We observed that in pediatric patients with chronic MR undergoing MV repair or replacement most patients preoperatively have preserved ventricular systolic function, which declines in the early postoperative period and recovers in the late postoperative timeframe. This pattern was observed in all three echocardiographic indices that were studied (EF, dP/dtic, and Tei index), although the changes between time points did not always achieve statistical significance. In patients with a normal preoperative EF, a lower preoperative dP/dtic was able to distinguish patients who developed early postoperative dysfunction.

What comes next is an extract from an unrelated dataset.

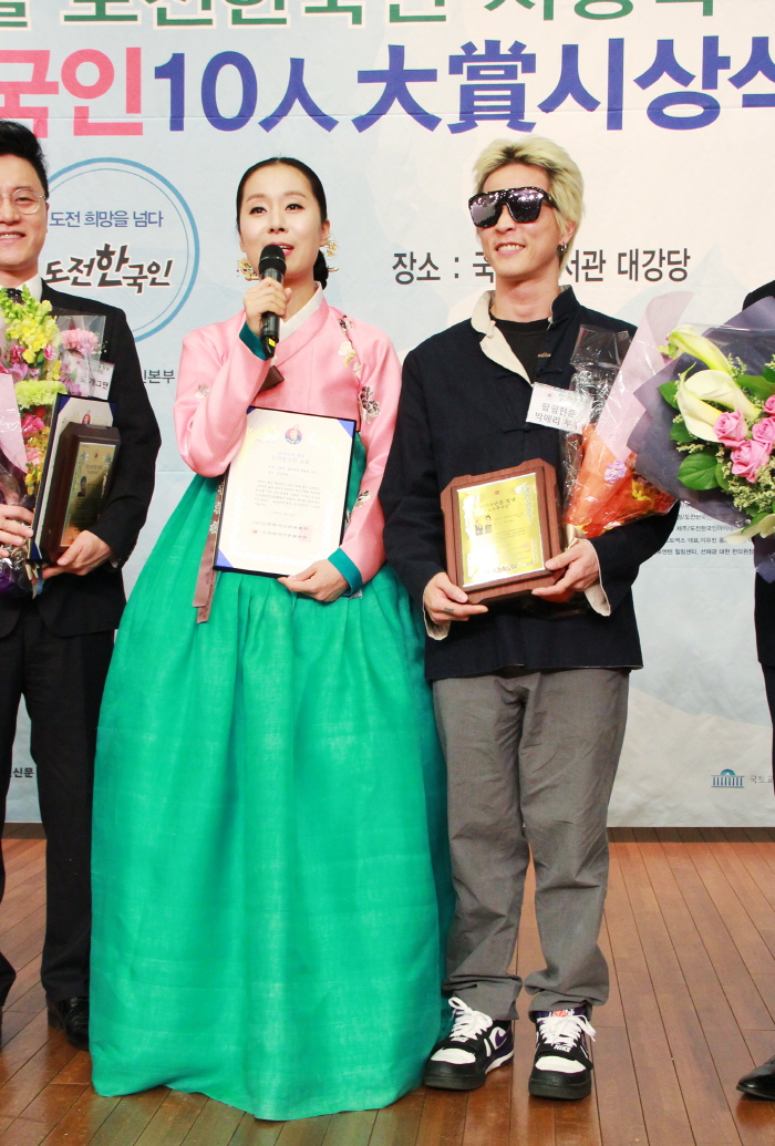 팝핀현준과 박애리는 “열심히 해서 더욱 더 대한민국을 빛낼 수 있는 공연예술가로 발전하겠다”며 “전통과 현대가 하나 되는 무대로 세계에서 멋진 공연예술 보여드리도록 하겠다”고 수상소감을 밝혔다.가수 팝핀현준, 국악인 박애리 부부가 18일 서울 국회도서관 대강당에서 개최된 ‘제 5회 도전한국 대상’에서 ‘2016년을 빛낼 도전 한국인’의 공연예술부분에 선정됐다. <사진제공=해피페이스 엔터테인먼트>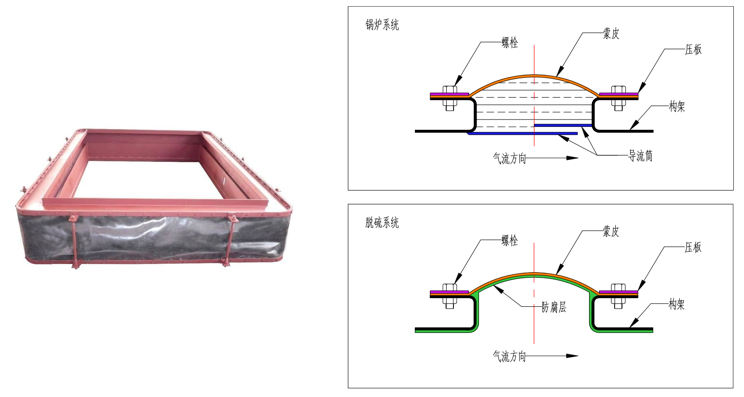 适用部位:吸收塔出入口、原烟道、净烟道、湿式电除尘出入口、混凝土烟囱脱硫非金属膨胀节

This study demonstrated a modest correlation between postoperative EF and preoperative Doppler-derived left ventricular dP/dtic as well as Tei index for pediatric patients undergoing surgical repair or replacement of the MV in the setting of MR. In contrast, the preoperative EF did not correlate with early postoperative EF. This suggests that in the setting of significant MR, EF may not accurately reflect the LV function and these alternative indices may be better suited in this scenario. This observation may relate to the fact that dP/dtic and Tei index do not rely on geometric assumptions or good acoustic windows, and are less affected by the loading changes caused by mitral regurgitation compared to EF. Mean dP/dtic approximates and closely correlates with the invasively measured peak dP/dt. Peak dP/dt is sensitive to changes in contractility, and only modestly affected by changes in preload.13 Because of the close agreement between peak dP/dt and dP/dtic, it is reasonable to ascribe these properties to dP/dtic as well. Furthermore, it can easily be calculated from measurements of the diastolic blood pressure and acquired Doppler tracings of the aortic and mitral valves.7,10
In adults with chronic MR, the regurgitation tends to get worse over time and decreased contractility often develops despite an often normal EF.15 In those that develop an EF 50–60% and particularly EF < 50% the prognosis is guarded.4 Similar to the adult literature, we observed in our pediatric cohort that contractility may be reduced despite a normal EF and that those with a preserved EF preoperatively also had a preserved EF at late follow-up.15 It is not common practice to perform a catheterization in pediatric patients with this disease. Therefore, echocardiography remains standard of care for routine disease surveillance. As such, Doppler-based measures such as dP/dtic and the Tei index may have additional advantages in young children in whom obtaining accurate volumetric data can be challenging without the use of sedation. In adults undergoing mitral valve surgery for MR, echocardiographically determined dP/dtic as an index of ventricular function was found to be one of the best predictors of post-operative EF (ref).
Similar to published studies in adults without CHD we found that preoperative dP/dtic correlated modestly with early and late postoperative EF whereas preoperative EF correlated only with late postoperative EF. This may be because chronic MR causes LV dilatation from adaptive remodeling to the volume overload.7 Consequently, the EF preoperatively often remains in normal ranges despite significant impairment of LV contractility.2,15 Prior studies on adults found a stronger correlation (r 0.75) between preoperative dP/dtic and postoperative EF, which likely reflects the overall relatively small sample of patients in our cohort and in particular those with depressed ventricular function postoperatively.
Limitations
This was a single-center, retrospective analysis of a relatively small cohort. Mitral valve anatomy, indications for surgery, and follow-up of patients who underwent interventions were not standardized. As a referral center, many patients were excluded who were lost to follow-up or who did not have ongoing care at our institution. Additionally, time intervals between the echocardiographic measurements varied significantly from individual to individual. The estimation of dP/dtic has potential sources of error including the assumption of LV end-diastolic pressure in some patients as well as use of cuff diastolic pressure as a surrogate for aortic diastolic pressure. Nonetheless, large errors in the estimation of ventricular end diastolic pressure introduce only small errors in the calculation of dP/dtic. Moreover, if, as is likely, an improvement in ventricular function is associated with a fall in LVEDP > 2 mmHg, our methodology would have, if anything, underestimated the pressure change during ICT.